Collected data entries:
● ● ● ● ●

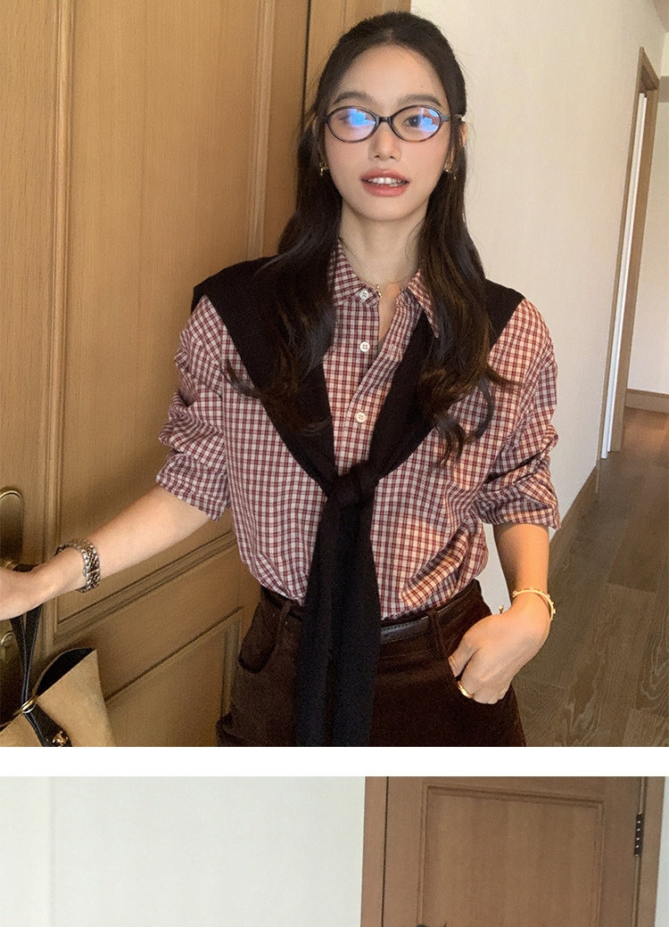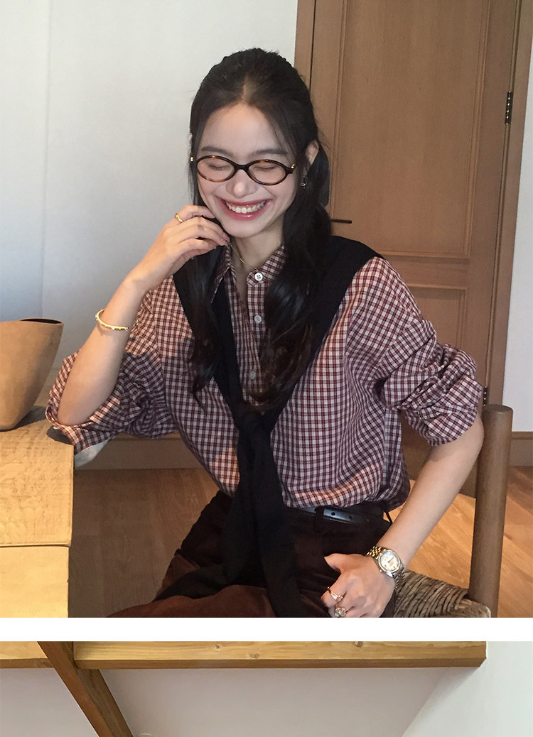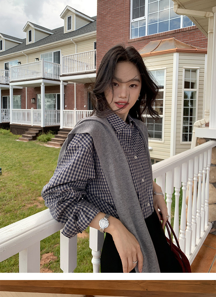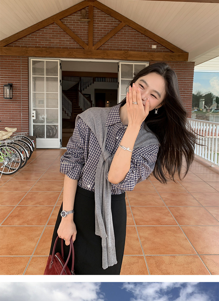 週末市場 格紋長袖襯衫 紫粉
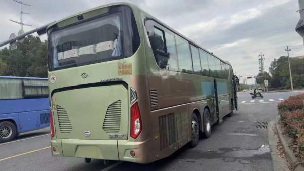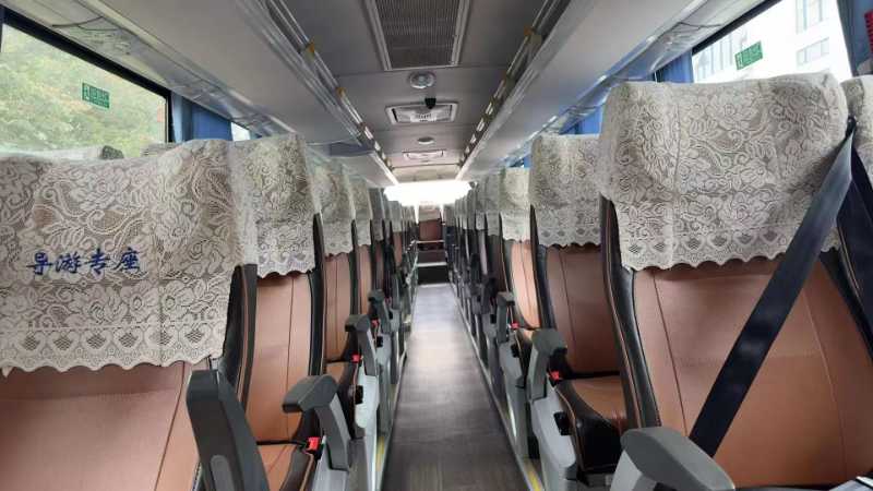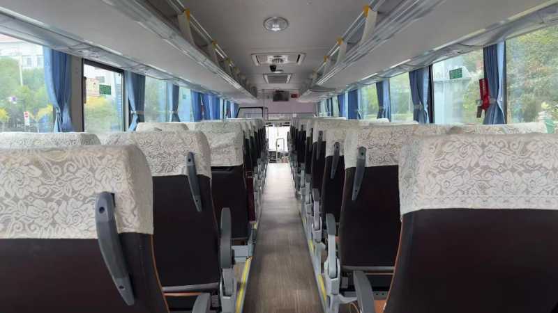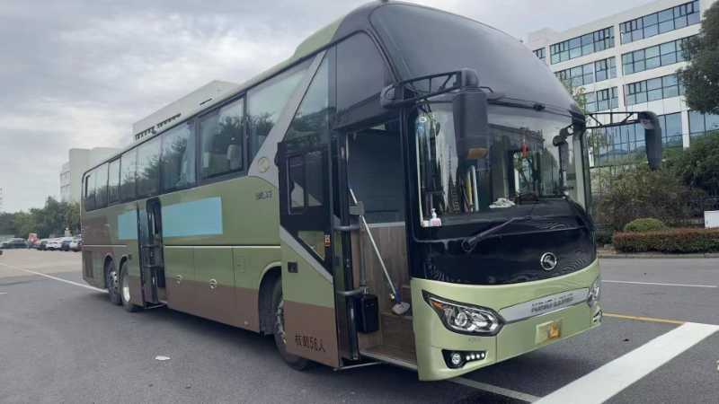 东北配置56座后吊轮金龙6135,2021年上牌,全车铝合金轮毂,潍柴375发动机,有中门,木纹地板,行李架,公里数少,价格给力。
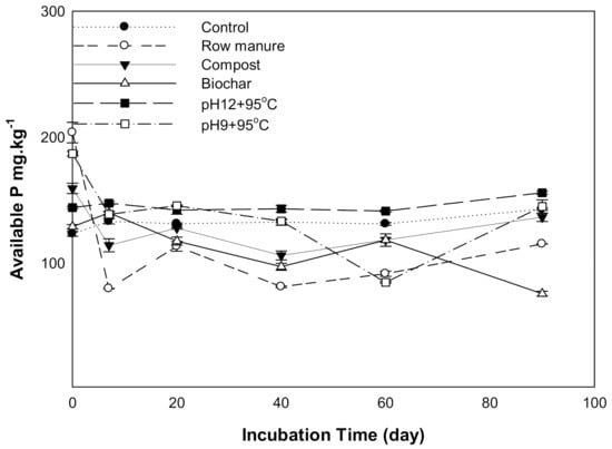 The results for available phosphorus (P) affected by different organic amendments derived from CM are shown in Figure 3. There was a statistically significant difference in available P as a result of organic amendments and incubation time. The available P in soils treated with CM, CMC, and CMSAE (pH 12) decreased between 0 to 7 days and then tended to increase as the incubation time increased. This decrease may result from CaCO3, which has been reported to retain P as dicalcium phosphate and octacalcium phosphate [36]. Soil treated with CMSAE (pH 12) showed the highest available P between days 20 to 90. This increase in soil available P might be due to the high humic acid content in manure effluents, compared to CM and CMB, as found by [37]. They indicated that the presence of humic acid slows the precipitation of poorly soluble Ca phosphates.
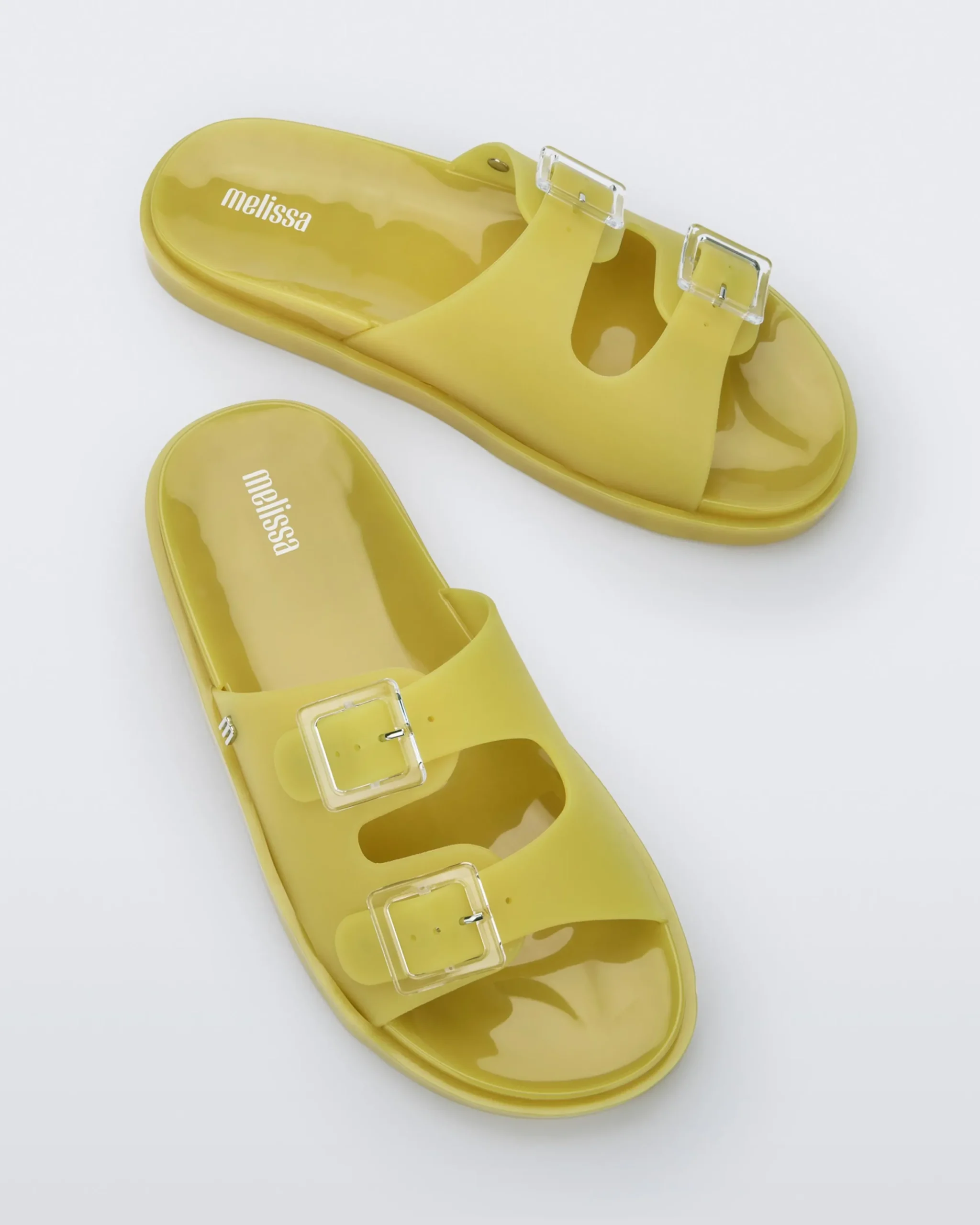 Comfy and fashionable, Melissa Wide is inspired by the super-classic shape that viralized in the 90s. The slide with buckles is one of the most famous style through European summer, thanks to its simplicity, practicability, and versatility.
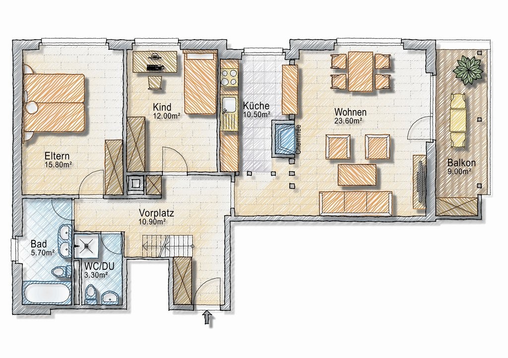 Grosszügig geschnittene Maisonettewohnung im Dachgeschoss

● ● ● ● ●

Restate each entry verbatim and skip every image.

Task answer
 週末市場 格紋長袖襯衫 紫粉
 东北配置56座后吊轮金龙6135,2021年上牌,全车铝合金轮毂,潍柴375发动机,有中门,木纹地板,行李架,公里数少,价格给力。
 The results for available phosphorus (P) affected by different organic amendments derived from CM are shown in Figure 3. There was a statistically significant difference in available P as a result of organic amendments and incubation time. The available P in soils treated with CM, CMC, and CMSAE (pH 12) decreased between 0 to 7 days and then tended to increase as the incubation time increased. This decrease may result from CaCO3, which has been reported to retain P as dicalcium phosphate and octacalcium phosphate [36]. Soil treated with CMSAE (pH 12) showed the highest available P between days 20 to 90. This increase in soil available P might be due to the high humic acid content in manure effluents, compared to CM and CMB, as found by [37]. They indicated that the presence of humic acid slows the precipitation of poorly soluble Ca phosphates.
 Comfy and fashionable, Melissa Wide is inspired by the super-classic shape that viralized in the 90s. The slide with buckles is one of the most famous style through European summer, thanks to its simplicity, practicability, and versatility.
 Grosszügig geschnittene Maisonettewohnung im Dachgeschoss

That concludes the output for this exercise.